# Can I invite my single parent ( non-EU citizen ) to live with me long term in Germany or any other EU country if i am a German citizen?



## awesomedude_na (Jan 4, 2022)

Can I invite my single parent ( non-EU citizen ) to live with me long term in Germany or any other EU country if i am a German citizen? 

She's financially dependent on me. I'll pay for all here expenses here. Is it possible? 

Really appreciate your help!


----------



## Bevdeforges (Nov 16, 2007)

In some EU states, you would have to be able to show that she is a "member of your household" (which includes proving that she is financial dependent on you). Not sure of the exact rules in Germany, but in another EU state, you might be asked to demonstrate that you are "exercising your Freedom of Movement rights" in living in the other state. Usually means you show what you are doing there (typically, that you have a job there, or are a student or retired with a pension to support yourself and your other family members - plus you may need to show that you have health insurance for yourself and your dependent family member).


----------



## Harry Moles (11 mo ago)

Regarding Germany, what does the Ausländerbehörde say - have you asked them?


----------



## *Sunshine* (Mar 13, 2016)

awesomedude_na said:


> Can I invite my single parent ( non-EU citizen ) to live with me long term in Germany or any other EU country if i am a German citizen?

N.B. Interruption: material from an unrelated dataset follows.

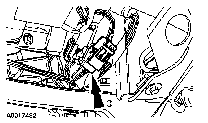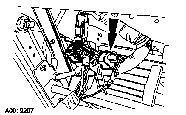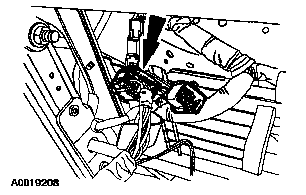1 Remove the passenger safety belt pretensioner restraint system diagnostic tool from the ten-pin floor electrical connector.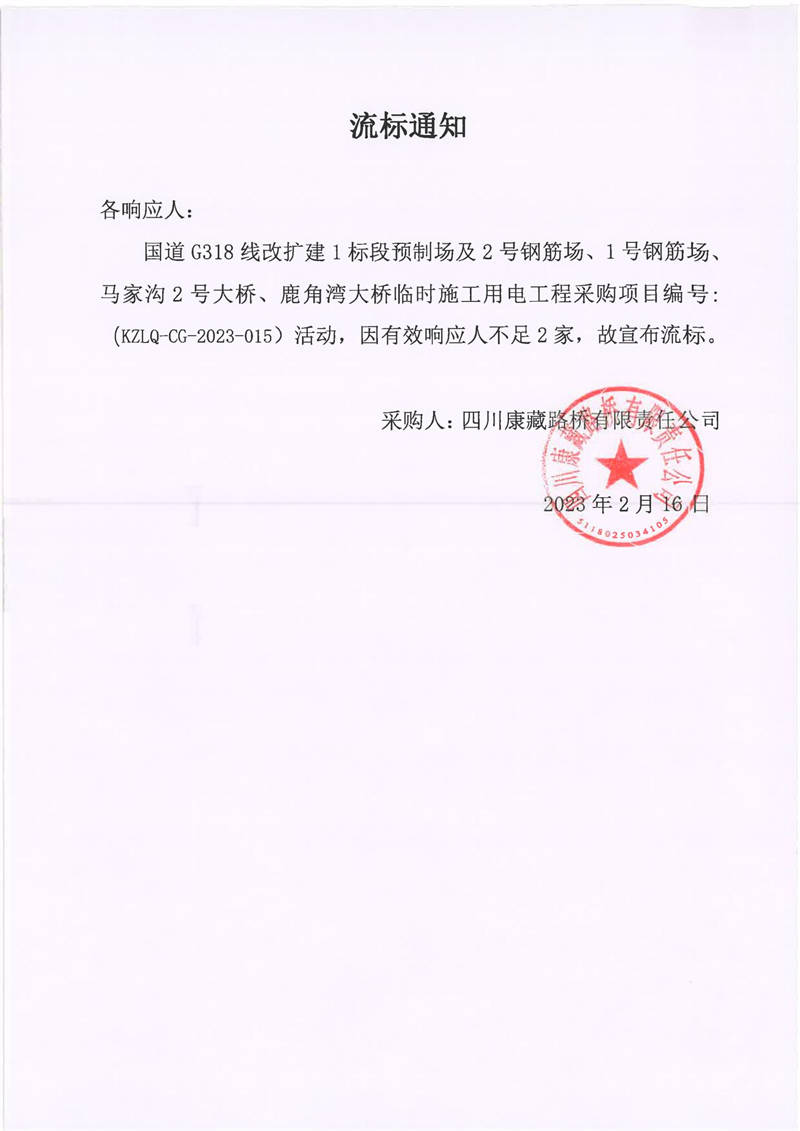 四川康藏路橋有限責任公司國道G318線改擴建1標段預(yù)制場及2號鋼筋場、1號鋼筋場、馬家溝2號大橋、鹿角灣大橋臨時施工用電工程采購項目流標通知

In Germany it is possible for foreign parents of *minor* German citizens to obtain a residence permit for Germany. Since hou state that your parents is dependent on you, I'm assuming you're over 18 and, therefore, this route is not available to you.

The only option for foreign parents of German adults is §36 Abs 2 AufenthG and the requirements are exceptionally high. You can ask your local ABH, however, don't be surprised if they say you don't have a chance. 

Keep in mind that comprehensive private health insurance is about 800€/month.


----------